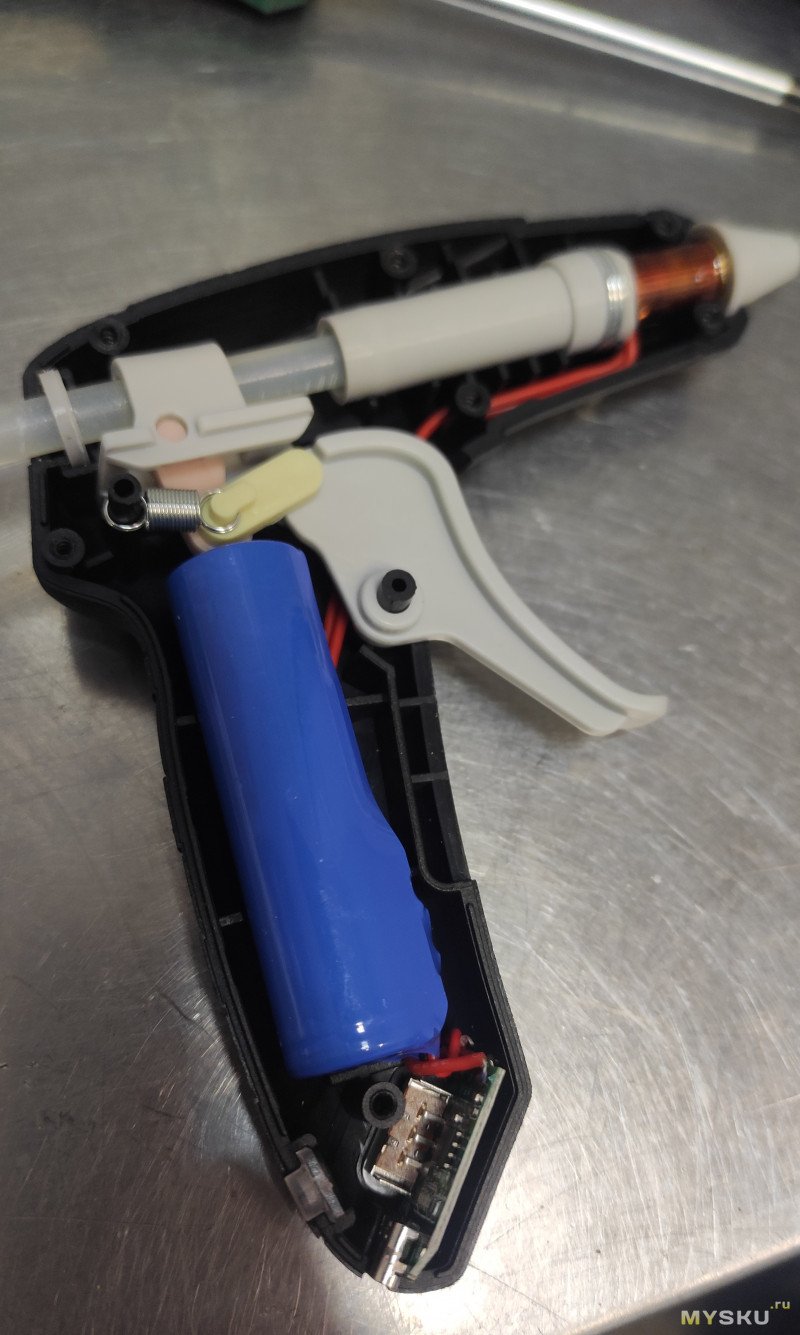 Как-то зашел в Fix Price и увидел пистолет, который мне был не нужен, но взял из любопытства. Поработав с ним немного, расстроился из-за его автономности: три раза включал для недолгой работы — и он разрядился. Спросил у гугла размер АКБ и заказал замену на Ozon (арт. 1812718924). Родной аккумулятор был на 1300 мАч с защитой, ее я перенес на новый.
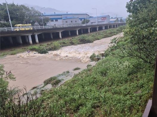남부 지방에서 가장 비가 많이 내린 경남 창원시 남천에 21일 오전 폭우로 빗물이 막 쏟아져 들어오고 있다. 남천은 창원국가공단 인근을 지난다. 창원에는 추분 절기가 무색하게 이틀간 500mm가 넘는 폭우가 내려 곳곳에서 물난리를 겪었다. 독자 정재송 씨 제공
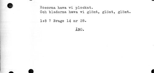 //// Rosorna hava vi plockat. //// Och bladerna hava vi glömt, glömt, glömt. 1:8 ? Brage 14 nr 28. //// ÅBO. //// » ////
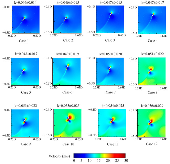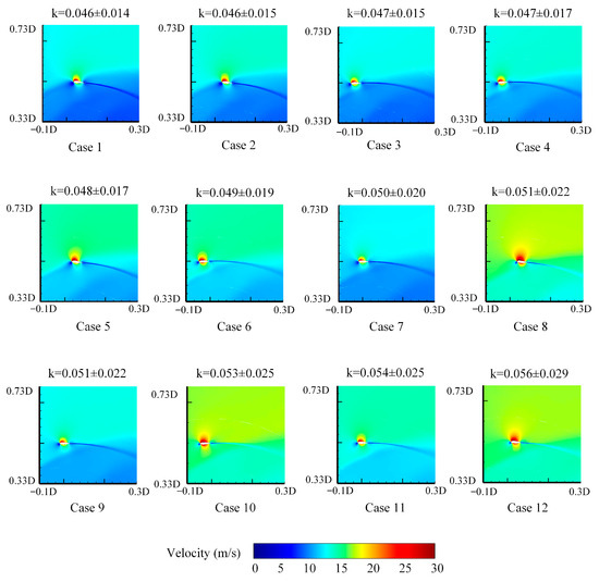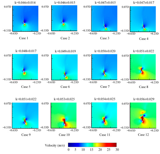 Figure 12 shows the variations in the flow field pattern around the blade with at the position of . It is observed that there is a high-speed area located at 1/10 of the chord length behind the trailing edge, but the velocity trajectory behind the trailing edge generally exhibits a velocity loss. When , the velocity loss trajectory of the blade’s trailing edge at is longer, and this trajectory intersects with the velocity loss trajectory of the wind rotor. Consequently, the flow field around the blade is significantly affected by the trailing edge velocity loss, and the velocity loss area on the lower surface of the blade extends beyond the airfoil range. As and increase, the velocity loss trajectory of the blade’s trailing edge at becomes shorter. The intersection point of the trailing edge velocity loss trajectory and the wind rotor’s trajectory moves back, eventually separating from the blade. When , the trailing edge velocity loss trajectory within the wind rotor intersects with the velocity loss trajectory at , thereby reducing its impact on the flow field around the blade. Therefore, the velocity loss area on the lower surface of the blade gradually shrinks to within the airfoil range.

==*==

Please transcribe each line above exactly, but leave the images out.

 Как-то зашел в Fix Price и увидел пистолет, который мне был не нужен, но взял из любопытства. Поработав с ним немного, расстроился из-за его автономности: три раза включал для недолгой работы — и он разрядился. Спросил у гугла размер АКБ и заказал замену на Ozon (арт. 1812718924). Родной аккумулятор был на 1300 мАч с защитой, ее я перенес на новый.
남부 지방에서 가장 비가 많이 내린 경남 창원시 남천에 21일 오전 폭우로 빗물이 막 쏟아져 들어오고 있다. 남천은 창원국가공단 인근을 지난다. 창원에는 추분 절기가 무색하게 이틀간 500mm가 넘는 폭우가 내려 곳곳에서 물난리를 겪었다. 독자 정재송 씨 제공
 //// Rosorna hava vi plockat. //// Och bladerna hava vi glömt, glömt, glömt. 1:8 ? Brage 14 nr 28. //// ÅBO. //// » ////
 Figure 12 shows the variations in the flow field pattern around the blade with at the position of . It is observed that there is a high-speed area located at 1/10 of the chord length behind the trailing edge, but the velocity trajectory behind the trailing edge generally exhibits a velocity loss. When , the velocity loss trajectory of the blade’s trailing edge at is longer, and this trajectory intersects with the velocity loss trajectory of the wind rotor. Consequently, the flow field around the blade is significantly affected by the trailing edge velocity loss, and the velocity loss area on the lower surface of the blade extends beyond the airfoil range. As and increase, the velocity loss trajectory of the blade’s trailing edge at becomes shorter. The intersection point of the trailing edge velocity loss trajectory and the wind rotor’s trajectory moves back, eventually separating from the blade. When , the trailing edge velocity loss trajectory within the wind rotor intersects with the velocity loss trajectory at , thereby reducing its impact on the flow field around the blade. Therefore, the velocity loss area on the lower surface of the blade gradually shrinks to within the airfoil range.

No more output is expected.